> What is expected:
A single number is the answer here: the count of lines in the records below in which the word "ezinhobearekin" appears.
[Record set — start]
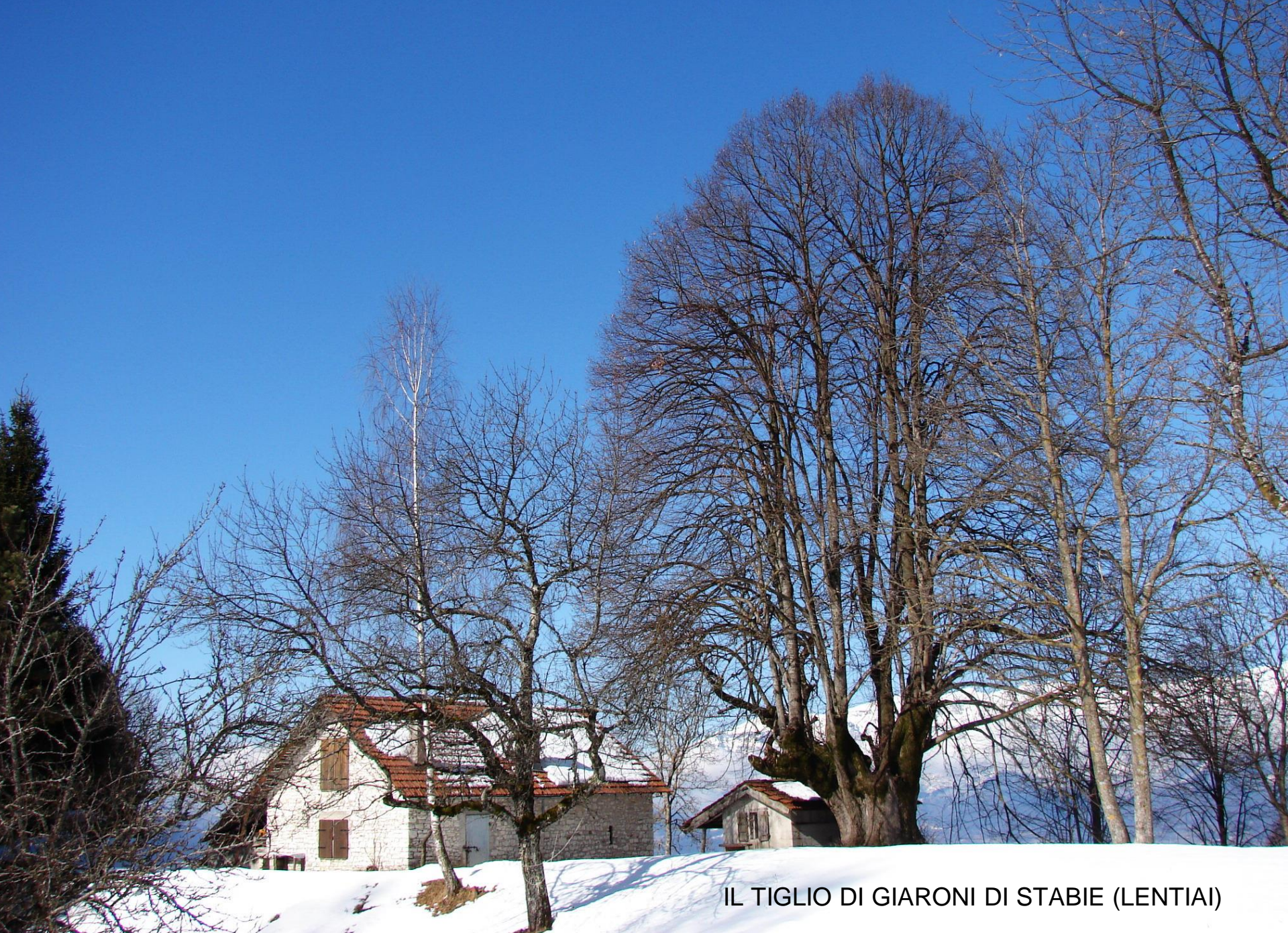
IL TIGLIO DI GIARONI DI STABIE (LENTIAI)
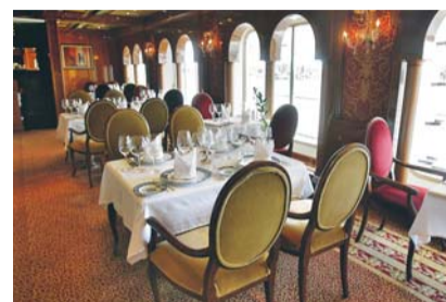
Tre olika restauranger finns ombord på fartyget.
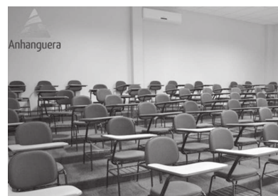
Salas de aula são confortáveis e preparadas para o bom aprendizado dos alunos

A Faculdade Anhanguera fica em uma ampla e moderna sede, na avenida Rui Barbosa, 1441, no centro de Assis. Outras informações podem ser obtidas pelos telefones (18) 99112-1339 e (18) 99150-3717. (Colaborou Assessoria de Comunicação)
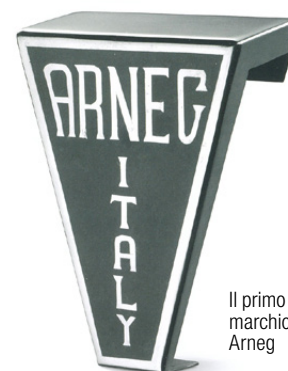
Il primo marchio Arneg

Anno dopo anno, prodotto dopo prodotto, queste parole restano il filo conduttore dell'espansione Arneg; a questo viene affiancato il Codice Etico, guidato dai principi di “Correttezza, Riservatezza, Collaborazione, Sostenibilità, Rispetto”.
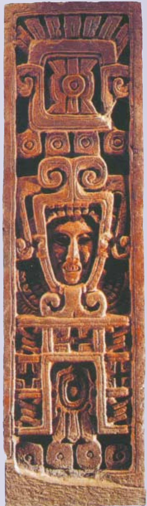
Стелла с изображением Кетцалькоатля. VI — IX в. Национальный музей антропологии. Мехико, Мексика

В более поздний период явление «дух-материя» становится основным вопросом философии, определявшим не столько ее суть, сколько «доброкачественность», критерием которой служил ответ на вопрос, что первично, а что вторично, дух или материя. Своей кульминации про-
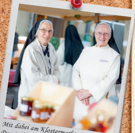
Mit dabei am Klostermarkt: Das Dominikanerinnenkloster Cazis

... am Wochenende vom 21./22. Juni in der Schweiz der Flüchtlingssonntag begangen wird? Zu diesem Anlass wird in Chur die Aktion «beim Namen nennen» organisiert. Über den Tag werden in Martinskirche Namen von Menschen verlesen, die ihr Leben auf der Flucht nach Europa verloren haben. Ihre Namen werden auf Zettel geschrieben, die vor der Kirche angebracht werden. Die Aktion endet am Sonntag, 22. Juni , mit einem ökumenischen Gottesdienst in der Martinskirche.
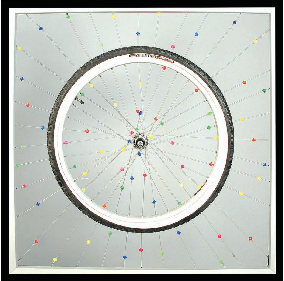
"Bênâv" 100x100 cm Bıçkırın, 2010 "İsimsiz" 100x100 cm Yerleştirme, 2010 "Untitled" 100x100 cm Installation, 2010
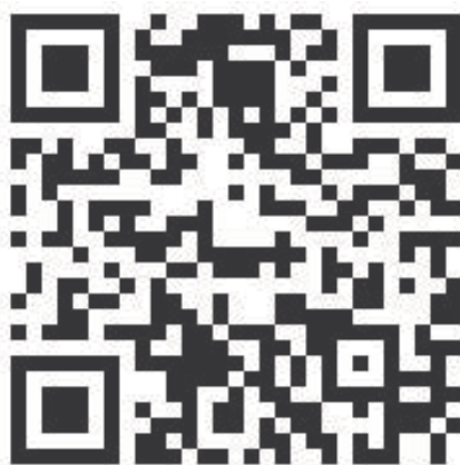
QR kód aplikace

Zapněte bluetooth před instalací aplikace. Vyhledejte aplikaci Carney FIT / Android / Google Play nebo App Store pro iOS. Můžete také naskenovat kód QR uveden níže (kompatibilita: iOS 8 nebo vyšší / Android 5.0 nebo vyšší)
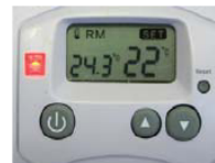
Abb. B: Modus Heizbetrieb in eingeschaltetem Zustand, Verbraucher nicht eingeschaltet, da SOLL-Temperatur unterhalb der IST-Temperatur
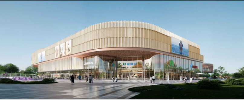
西侧透视效果图(仅为示意)
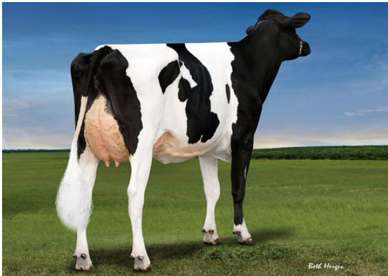
OH-RIVER-SYC MOGAL BRYLAN FOURTH DAM
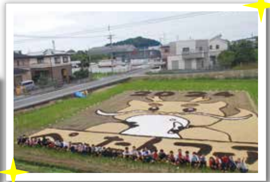
完成です!! 今年の干支「辰」
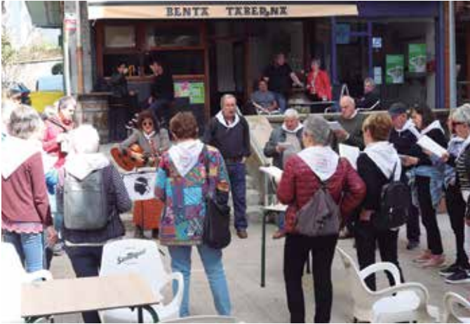
Abeslariak kaleak hartu zituzten eguraldi ezinhobearekin.

Larunbat goizean itzuli zen kantu-jira Usurbilgo kaleetara. Pandemiak gogor jo zuen taldearen egunerokoa eta bi urte beranduago izan bada ere, kaleak hartu zituzten abeslariak eguraldi ezinhobearekin.
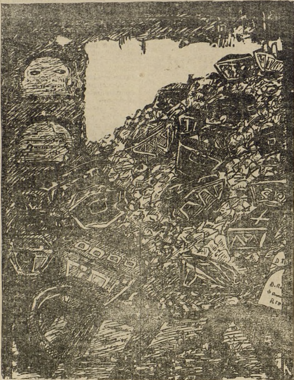
EL DRAMA DEL CEMENTERIO DE SAN MARTIN

He estado de nuevo en el bello cementerio de San Martín. Se han hundido más galerías, y se ve que acabarán por hundirse todas. Esperemos, que se nos darán a conocer todos los muertos que hoy se ocultan. Cada vez es un espectáculo más desgarrador y desdichado. El litigio entre aquellos que lo compraron para derribarlo y los que con muertos en sus galerías y sus patios se dispusieron a no dejarlos cumplir su propósito, continúa sin resolver. Hay guardesas por unos y por los otros, guardesas que no se saludan y que viven en distinto panteón, guardesas que vigilan con hostilidad al que entra.
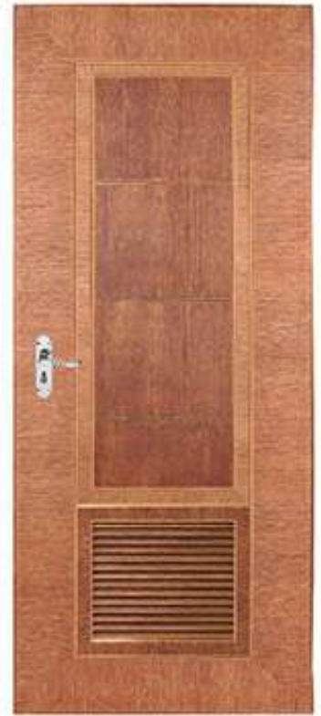
G11 สีวอลนัททอง Walnut - Gold
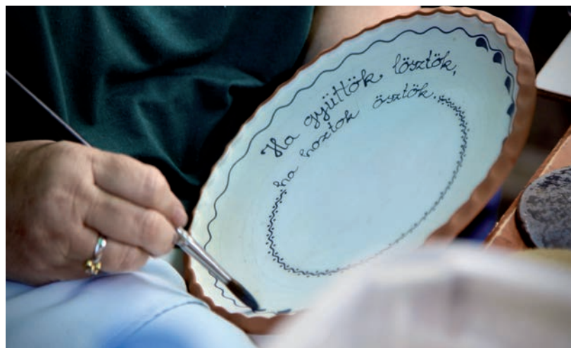
EZÚTTAL ÖLÉG LÖSZ PAPIRRA TÖNNI, VAGY FÖLMONDANI

Újra pályázatot hirdetett Wass Albert Irodalom-pártoló Egyesület, élő ö-zó nyelvjárású hang- és videó-anyagok gyűjtésére, vagy létrehozására. Bizonyára mindenkinek van olyan ismerőse, aki még szépen beszéli a vásárhelyi anyanyelvöt. Őket lehetne beszélgetésre bírni, oszt fölvenni hangrögzítőre.
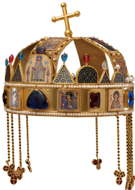
AZ ÉGI ÉLŐ IGAZSÁG – AZ ANGYALI ÉS APOSTOLI MAGYAR SZENT KORONA
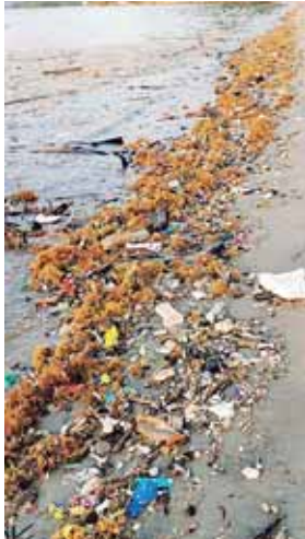
La mayoría de residuos se filtra por debajo de la biobarda que no tienen la capacidad para retener tanta basura.

Añadió que esa filtración de residuos de basura que pasan por debajo de la biobarda es la que se está recibiendo en Omoa, pero se cuenta con un equipo municipal que inmediatamente recolecta
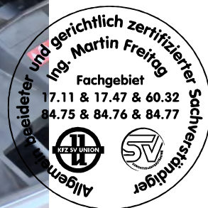
Fahrzeug Foto 24 von 60
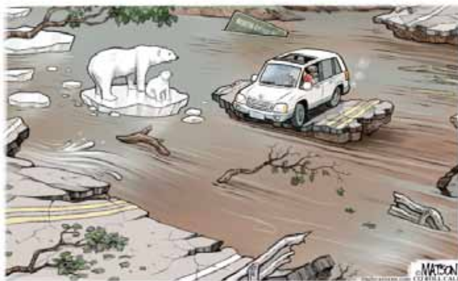
“WE KNOW THE FEELING.”

Los tribunales, más de 60, han confirmado que las elecciones de 2020 fueron justas y transparentes, no completamente perfectas y sin uno o dos fallos como suelen ser la mayoría de las elecciones nacionales, pero lo suficientemente buenas como para ser consideradas precisas.
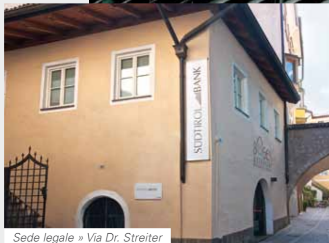
Sede legale » Via Dr. Streiter
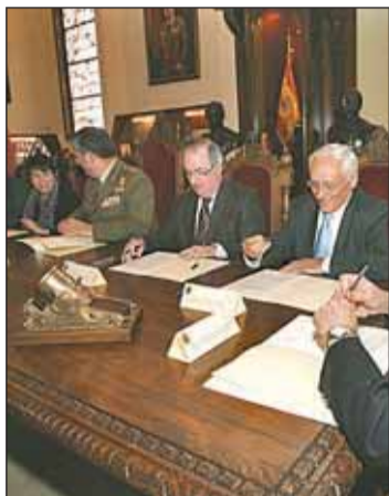
Convenio firmado este martes.
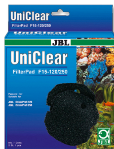
JBL FilterPad F15 Espuma de poro grueso para el filtro CristalProfi
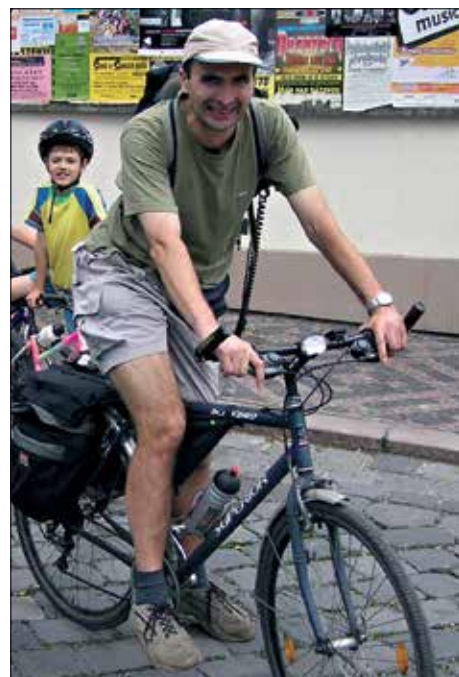
( Na cestě do Končin u Litomyšle
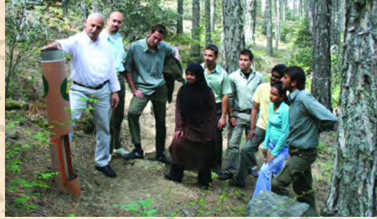
Πρακτική εξάσκηση σε πειραματική επιφάνεια για τη μέτρηση της ατμοσφαιρικής ρύπανσης

Το Δασικό Κολέγιο βρίσκεται στο χωριό Πρόδρομος της Επαρχίας Λεμεσού σε μια περιοχή που περιβάλλεται από πευκοδάσος, ιδανικό μέρος για την παροχή δασικής εκπαίδευσης. Το κλίμα της περιοχής είναι κατά το καλοκαίρι δροσερό και ξηρό, ενώ το χειμώνα ψυχρό.
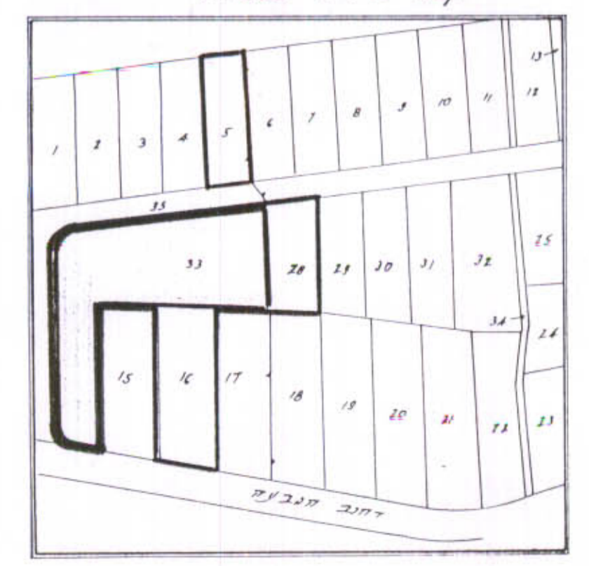
תלשים סביבה ומצב קיים קנה מידה 1:2500
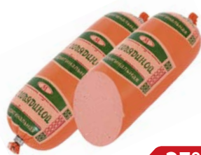
Колбаса ОРИГИНАЛЬНАЯ, Вареная, с говядиной (Микоян), 400 г
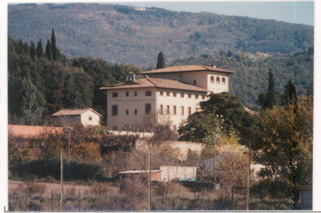
p.v. N.1...veduta panoramica.....
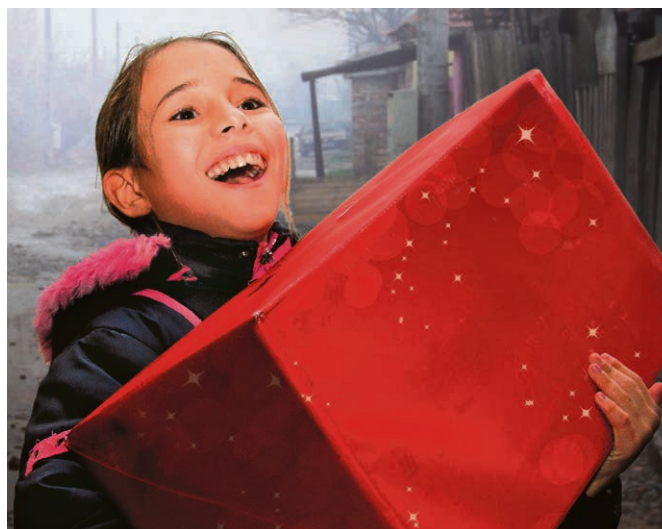
Crissier Cadeau de Noël!

Et puis ce sera aussi le plaisir d'entendre le chœur mixte de l'Harmonie qui, pour l'occasion, chantera un répertoire plutôt XIX e et romantique. Merci d'avance et bienvenue à toutes et tous.
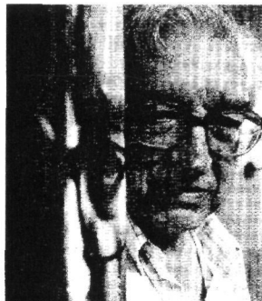
TXILLARDEGI bere omenaldia iragartzen duen afiltxaren ondoan, herenegun, Donostian.

Sinesgarritasun gutxi izan arren, lehen egunotan behintzat eraginorra da estrategia. Nazioarteko erreakzioak ikusi besterik ez dago.
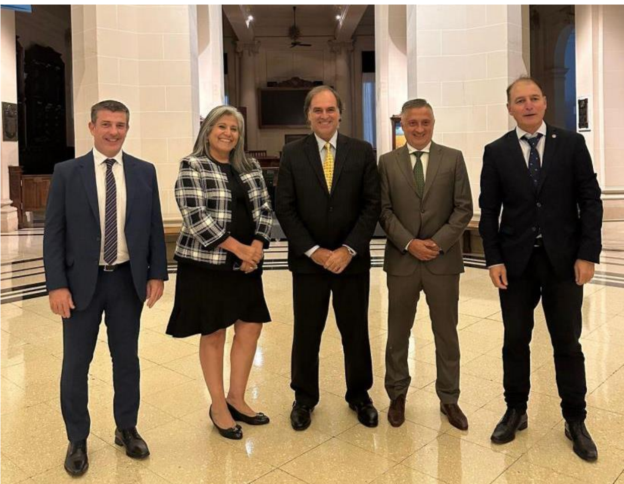
Autoridades de la CNV en la Bolsa de Comercio de Rosario
[Record set — finish]
> Task output:
2